[Given data]
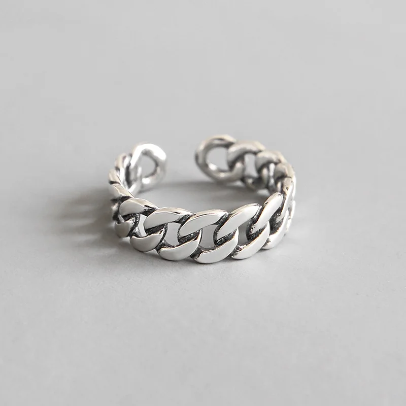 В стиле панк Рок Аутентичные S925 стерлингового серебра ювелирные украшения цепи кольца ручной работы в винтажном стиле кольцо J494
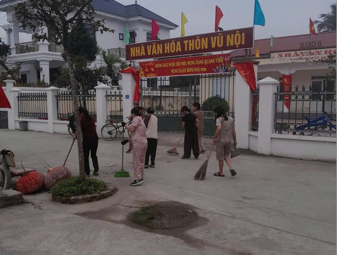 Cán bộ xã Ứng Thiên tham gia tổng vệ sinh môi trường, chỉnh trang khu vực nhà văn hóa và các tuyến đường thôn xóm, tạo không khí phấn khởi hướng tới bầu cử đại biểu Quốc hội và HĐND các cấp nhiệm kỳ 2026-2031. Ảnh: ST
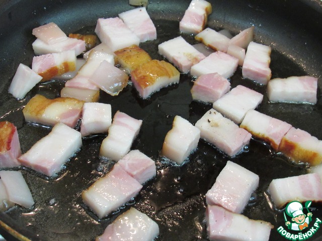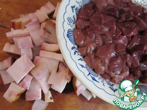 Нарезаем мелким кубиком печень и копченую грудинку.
[/Given data]
**Task to carry out**
Your copy should hold only the lines from the line with "Cán bộ xã Ứng" through the end of the data above, both ends included, transcribed exactly and without pictures.

**Answer for this exercise**
 Cán bộ xã Ứng Thiên tham gia tổng vệ sinh môi trường, chỉnh trang khu vực nhà văn hóa và các tuyến đường thôn xóm, tạo không khí phấn khởi hướng tới bầu cử đại biểu Quốc hội và HĐND các cấp nhiệm kỳ 2026-2031. Ảnh: ST
 Нарезаем мелким кубиком печень и копченую грудинку.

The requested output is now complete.